Dizendo que a eleição é incondicional, devemos entender que aquela escolha que Deus fez antes da fundação do mundo (Ef. 1:4), não foi baseada em algo que existia anterior ou poderia existir posteriormente no homem.
Isto é, não há nada que se originou no homem que poderia ser interpretado como sendo uma condição que induziu Deus a escolher.
A condição da eleição não foi o conhecimento divino de que o homem aceitaria a salvação se ela fosse apresentada a ele. NÃO, de jeito nenhum!
No homem, não existe nenhuma coisa boa. Paulo diz em Rm 7:18 — Porque eu sei que em mim, isto é, na minha carne, não habita bem algum.
E, não habitando nada bom em nós, não existe nada em nós para atrair a atenção salvadora de Deus, nem algo que poderia dar ao Senhor uma predisposição a escolher o que era bom (Jr 13:23).
A condição da escolha primária NÃO foi do homem, mas de Deus que escolheu o homem "para si mesmo, segundo o beneplácito de sua vontade" (Ef 1:5,9,11).
A condição da determinação primária de Deus foi pelo querer de Deus, e não por nenhuma justiça real, ou provável, que o homem poderia ter, intentar ou desenvolver.
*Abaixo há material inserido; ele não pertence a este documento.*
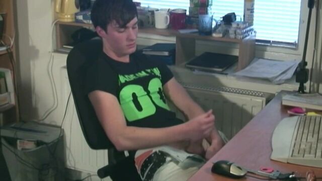 Sneaking in a quick wank at work, this cute dark haired twink gets caught by a blonde beauty who takes advantage of the horned up boy and soon gets him on his knees servicing his dick. Bending over the chair, our blonde star gets his hole well and truly stretched with an almighty bare dick, pushing him to the limit and further as he pounds away whilst the horny bottom boy jerks off. Exploding with cum all over the desk, he loves the feel of hard dick up his ass, shooting his load twice, we get three doses of jizz from just 2 guys!!

Is 64:6 diz que são — todas as nossas justiças como trapo da imundícia.
Se o homem tivesse qualquer condição favorável que o destacasse diante do favor de Deus, aquela condição faria Deus ser obrigado a conceder-lhe a salvação.
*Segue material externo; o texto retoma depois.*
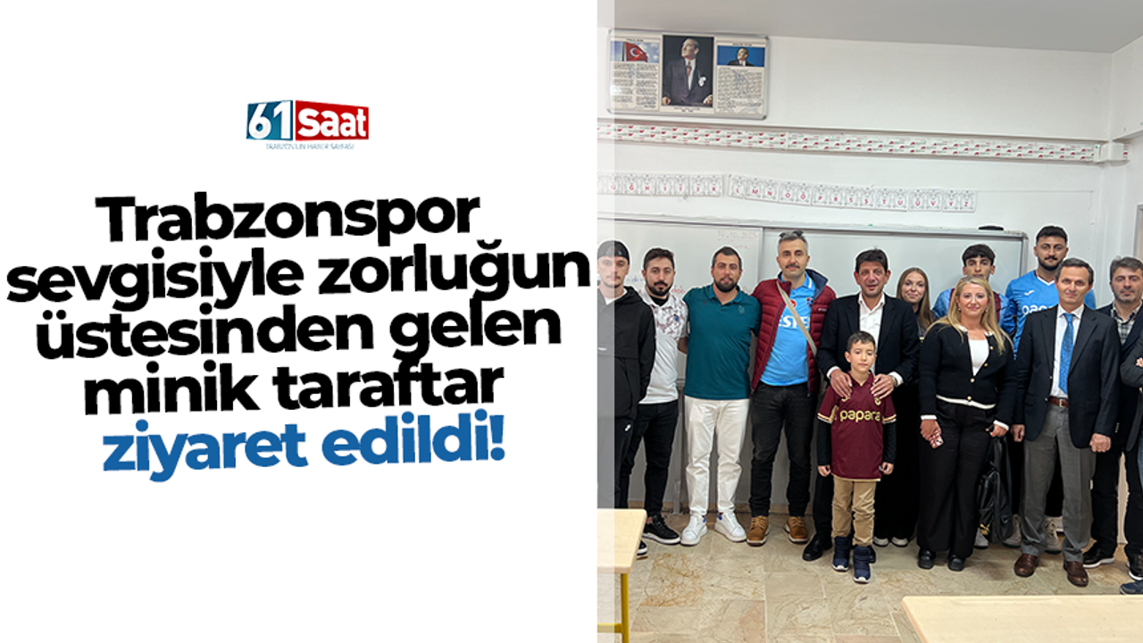 61SAAT'in gündeme getirdiği olaya duyarsız kalmayan Trabzonlular Federasyonu Başkanı İsmail Turgut Öksüz ve Üni TS ekibi, İstanbul Bakırköy İbni Sina İlköğretim Okulu’nda eğitim gören 8 yaşındaki Trabzonspor sevdalısı Kürşat Eren Öztürk’ü okulunda ziyaret etti.

Isso faria a salvação ser pelas obras, ou pelas condições humanas, e não segundo a graça; o beneplácito da vontade divina.
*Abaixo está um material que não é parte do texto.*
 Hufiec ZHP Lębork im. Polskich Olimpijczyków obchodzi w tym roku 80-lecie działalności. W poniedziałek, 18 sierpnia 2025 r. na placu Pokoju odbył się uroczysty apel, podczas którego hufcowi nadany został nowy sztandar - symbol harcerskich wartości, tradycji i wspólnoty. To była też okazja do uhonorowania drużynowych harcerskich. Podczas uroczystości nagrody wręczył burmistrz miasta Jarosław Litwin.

A eleição, tanto quanto a salvação, é puramente pela graça: um favor divino, desmerecido ou imerecido pelo homem (Rm. 11:5,6; Ef 2:8,9).
Foi, portanto, uma escolha puramente divina e graciosa em salvar um homem que não tinha nenhuma condição boa para se apresentar diante de Deus com um mínimo de mérito qualquer.
Deus preferiu um pecador particular para receber a Sua graça somente porque quis. Rm 9:15,16 — Compadecer-me-ei de quem me compadecer, e terei misericórdia de quem eu tiver misericórdia.
Somente entendendo tudo sobre a vontade de Deus, algo que não podemos nunca atingir, entenderemos por completo por que Deus escolheria um homem tão depravado, que não possuía nenhuma capacidade, e, portanto, nenhuma condição, para atrair a atenção de Deus.
Mas, de fato, conforme a Bíblia, foi isso o que Deus fez. A escolha de Deus por Israel para ser o Seu povo revela essa atitude (Dt 7:7) e a escolha de Deus para a salvação é da mesma natureza (Jo 1:12,13; Rm 3:18-23; 9:15,16).
Devemos resumir esta parte da natureza da eleição como Jesus a resumiu: — Sim, ó Pai, porque assim te aprouve (Mt 11:26).